What special deference should we grant to one whom we recognize as an apostle?

Are apostles infallible? No, as was pointed out, Peter (Gal 2:11-13) was in the wrong, and led others astray by his wrongdoing.

Do they alleviate our need to be taught by the Spirit through Scripture? Certainly not! The Bereans were commended for confirming what was taught to them by comparing the Apostles’ teaching to the Scriptures. (See also: Ps 138:2)

So what is it exactly that an apostle does that differs from, say, an elder?

One difference I see is that an elder is appointed within the context of a local church, that is, if Mr. X is an elder at his home church, he is not an elder when he visits another church. This is not the case with spiritual gifts, which are given to the whole Church. Therefore an evangelist is an evangelist no matter what context he is in, as a pastor4 is to shepherd God's people everywhere he finds them, an apostle is in every situation an apostle, etc. (Eph 4:11-13). It is certainly possible—and indeed quite likely—that an elder also have spiritual gift(s) and exercise them as a compliment to his elder-role.

Another role I see as apostolic is in the establishment of leadership in a new church, i.e., the appointment of elders and deacons in new churches. That is, perhaps an apostle is one who looks after churches in a similar way that shepherds (“pastors”) look after individual Christians.

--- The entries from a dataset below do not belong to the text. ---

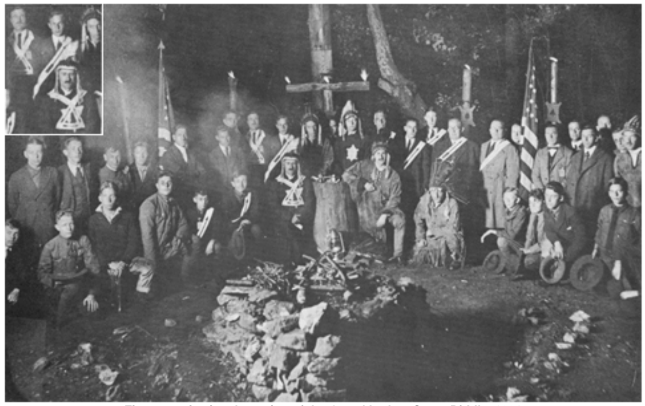
First organizational meeting of the Grand Lodge, Camp Biddle, 1921 notice sashes worn over the left shoulder (Brotherhood), and the three sashes worn at once (Vigil)

In this era, Arrowmen who were Ordeal members wore a white sash with a red arrow over their right shoulder. Brotherhood members wore a white sash with a red arrow over their left shoulder. A brother in the Vigil Honor wore three sashes-- one over the right shoulder, one over the left shoulder and one around the girth of his waist. There were no sashes for the Vigil Honor produced until 1933.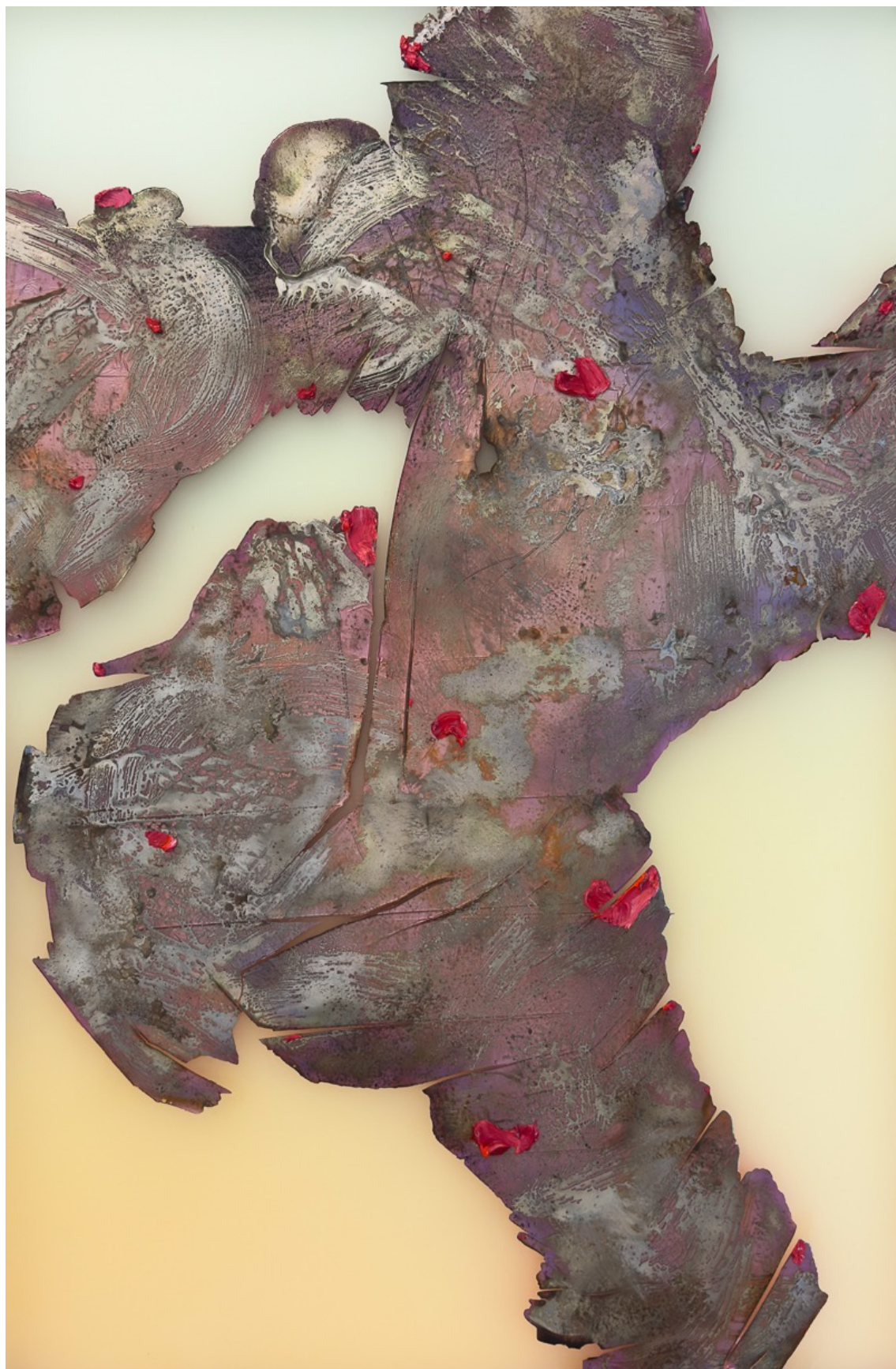
Peter Gronquist, Alchemist III , 2024, Resin, pigment, silver oxide, acrylic, oil, Vinyl, record on plexiglass and wood, 72 x 48 inches, $22,000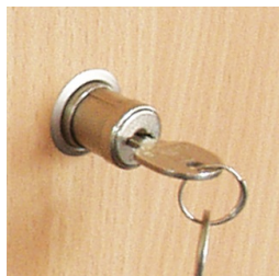
Sliding doors lockable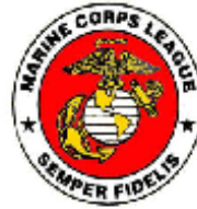
PHOTO RELEASE FORM

I hereby assign and grant to the Marine Corps League and the Scouts of America the right and permission to use and publish the photographs made of me this date by the Marine Corps League and/or the Scouts of America, and I hereby release the Marine Corps League and the Scouts of America from any and all liability from such use and publication, whether online or in print.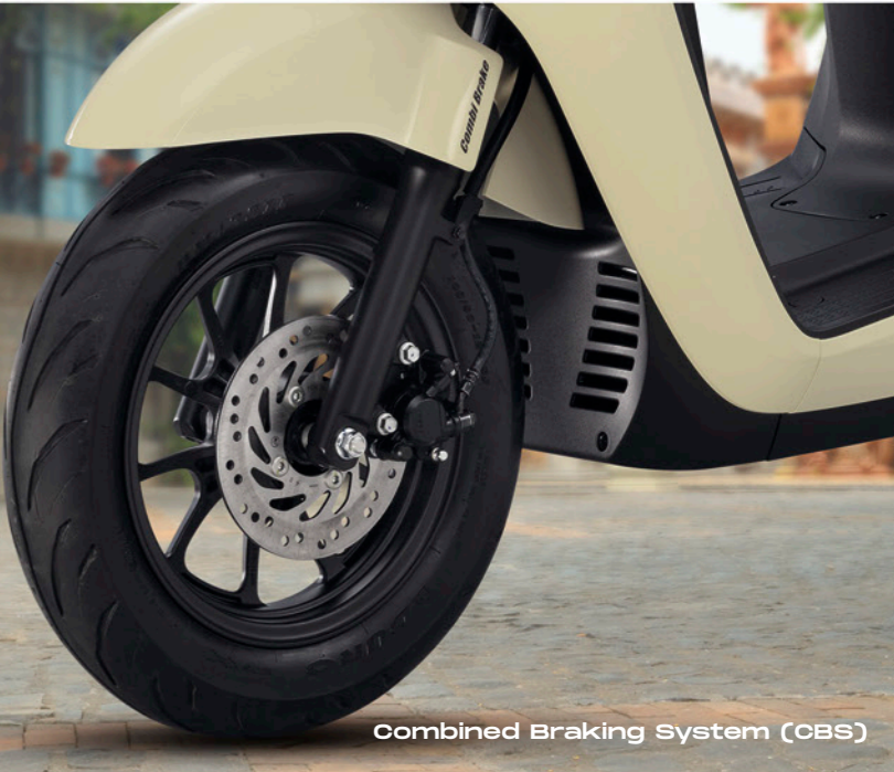
Combined Braking System (CBS)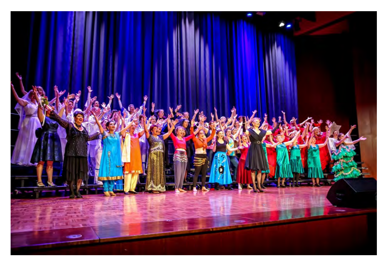
Above: "Say Yes to the Stress!" - finale

It is with joy, that we wish Sweet Adelines Australia Happy 30th Anniversary. Thank you for your support and vision over the years and we look forward to continuing being members of such a progressive and vibrant region.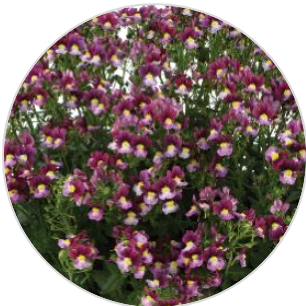
MENOR™ Dual Bordeaux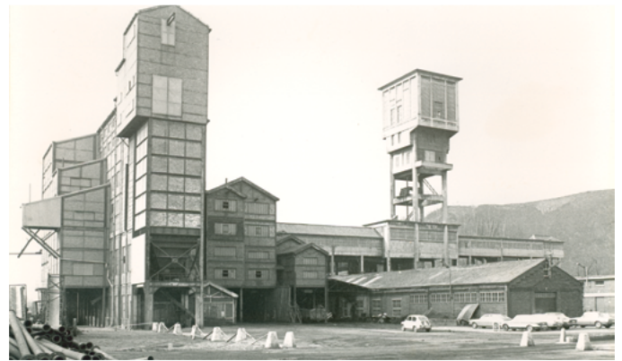
The Pit N°1 installations at the end 1970 s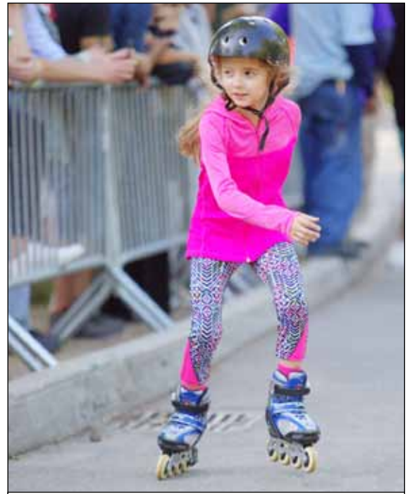
The Next Generation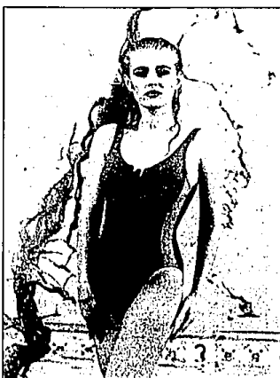
Hot pink is mixed with green and purple for this zippered one-piece suit ($55) from Roslyn's.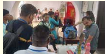
The security check pilgrim desk

Volunteers assisted with registrations, distributed information about the schedule of services, and providing guidance to pilgrims on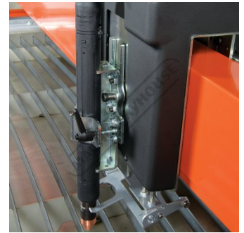
Breakaway Torch Return Position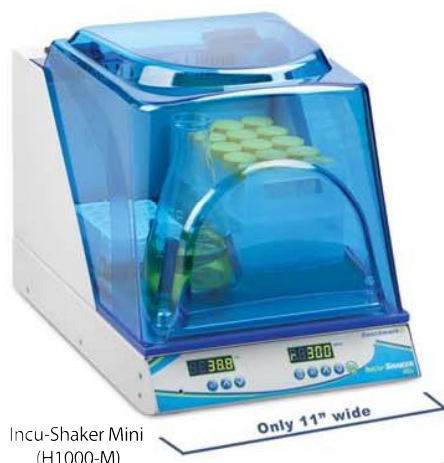
Incu-Shaker Mini (H1000-M)

Temperature, shaking speed and run time are displayed on the large LED control panel located on the front of the unit. The integral microprocessor includes a constant monitoring system that verifies and maintains accuracy through the duration of the program. Sophisticated over-temperature and over-speed controls ensure long life, safety and sample integrity.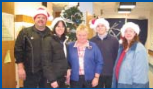
In Saskatoon, Saskatchewan, after Store 716 won the Shrink Tips contest for the fifth year in a row, the employees chose to donate a portion of their winnings back to the community. Deciding that the worst thing that could happen at Christmas was to have a loved one in the hospital, they purchased gifts for the children in the Pediatrics Ward at the Royal University Hospital.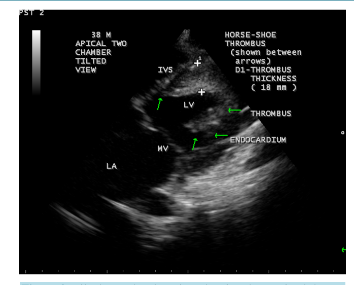
Figure 2. Tilted two chamber view showing the maximal thrombus thickness of 18 mm.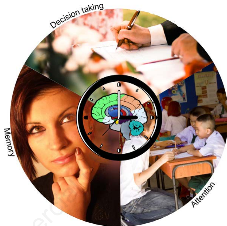
Figure 1. The central nervous system has a critical role in high hierarchy timing process and executive functions such as memory, decision-making and attention. 2

that are considered to represent specialized timing. 23 Independent of the models, human beings estimate and distort time. 24 Thereby, time notion is dependent on intrinsic (emotional state) and extrinsic context (sensitive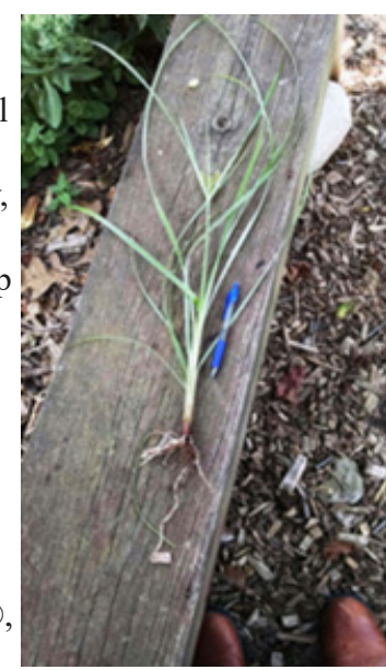
Photo 2: Yellow nutsedge overall plant.

In turf applications products that contain sulfentrazone like Dismiss® have been shown to provide both pre-emergence and post-emergence control, though it is not labeled for pre-emergence. Prodiamine, in products like Barricade® + sulfentrazone is labeled for pre emergence control. Sulfentrazone plus quinclorac (Solitare®) is effective as a post emergent product, but will require more than one application, in some cases 30 days apart. Other products containing sulfentrazone include Q4 Plus®, Surge®, SureZone®, and TZONE®, but these products are labeled for suppression as they contain lower concentrations of the active ingredient. Other products labeled are bentazon found in Basagran®, which is labeled for use in tall fescue, the predominant species in this region; halosulfuron-methyl found in Sedgehammer® and Sedgehammer+® (Sedgehammer+ contains a surfactant), S-metolachlor found in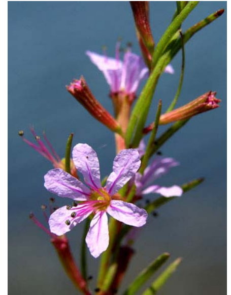
Lythrum californicum California Loosestrife Native Perennial Lythraceae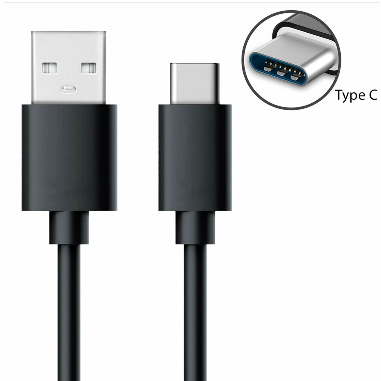
Image: Close-up view of the USB Type-A and Type-C connectors, highlighting the Type-C end for device connection.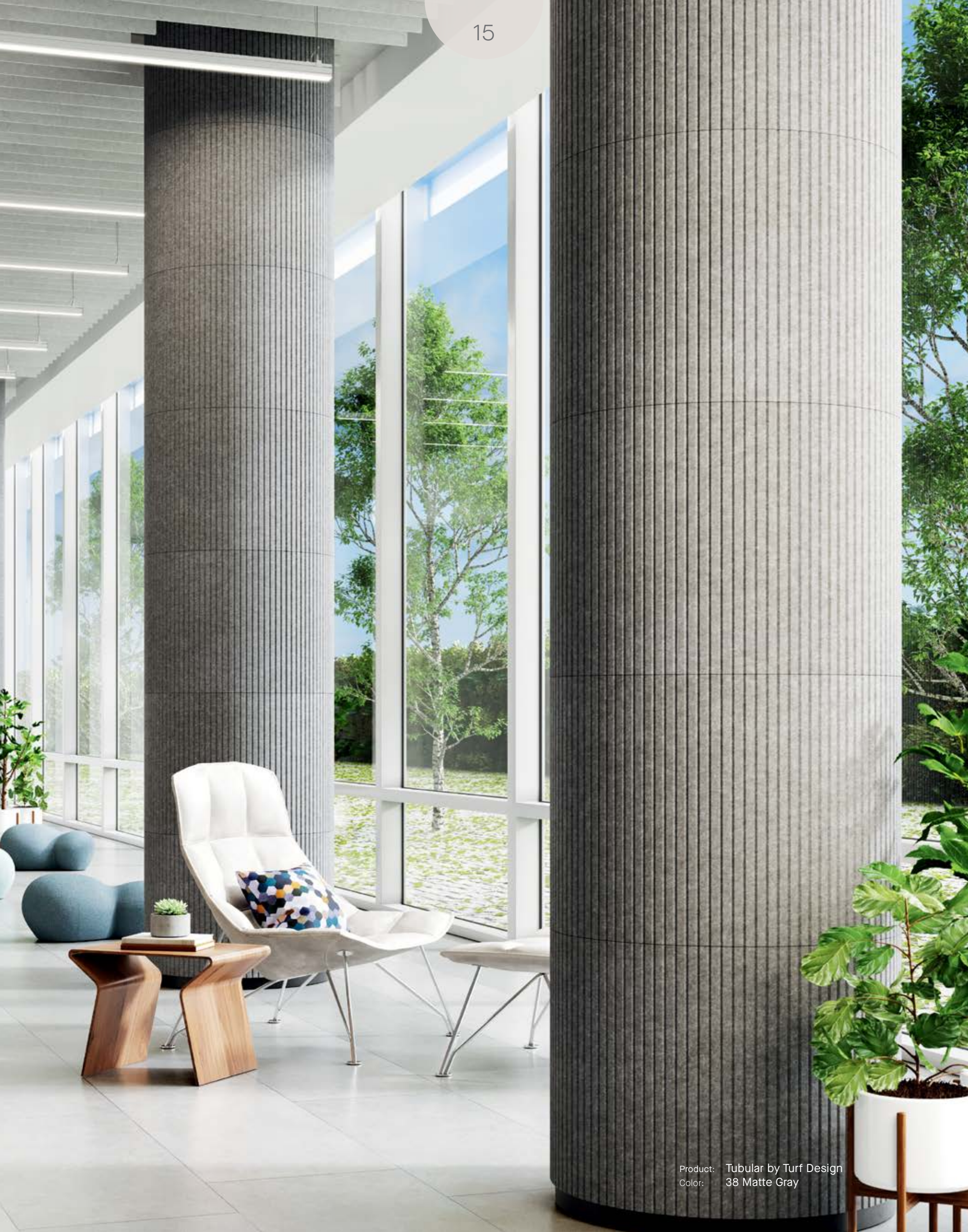
Product: Tubular by Turf Design Color: 38 Matte Gray

If this is true, then I tend to agree with what Diane said, that “Most missionaries are evangelists, a few are apostles” and I would add that apostleship seems to be most active in arenas with emerging churches (the “mission field”) where new churches full of new believers need guidance and accountability that cannot yet be found from within.

This post is merely the product of an evening of thought and I welcome and encourage any input and further ponderings on the subject.

0 Yay for Firefox!
1 As in "cessationists"
2 Sadly, in contrast, the Reformation's rejection of potpourri has fallen by the wayside to most of modern Christendom.
3 Good to know he can laugh at himself. (Eph 4:14)
4 In contemporary American culture, "pastor" often means one of the leaders of a church (or the *shudder* only */shudder* one). This can be confusing, because technically he should be called an elder (or in some cases a teacher).

1 comment:

  1. Tim,

    Thanks for your thoughts! I appreciate your stopping by Cerulean Sanctum and widening the discussion. I think this is a very important topic and you've added whatever bits I failed to. (Practically, I could have written another dozen pages on this issue, but who would scroll through a *BLOG* post that long--that's more like a doctoral thesis, right?)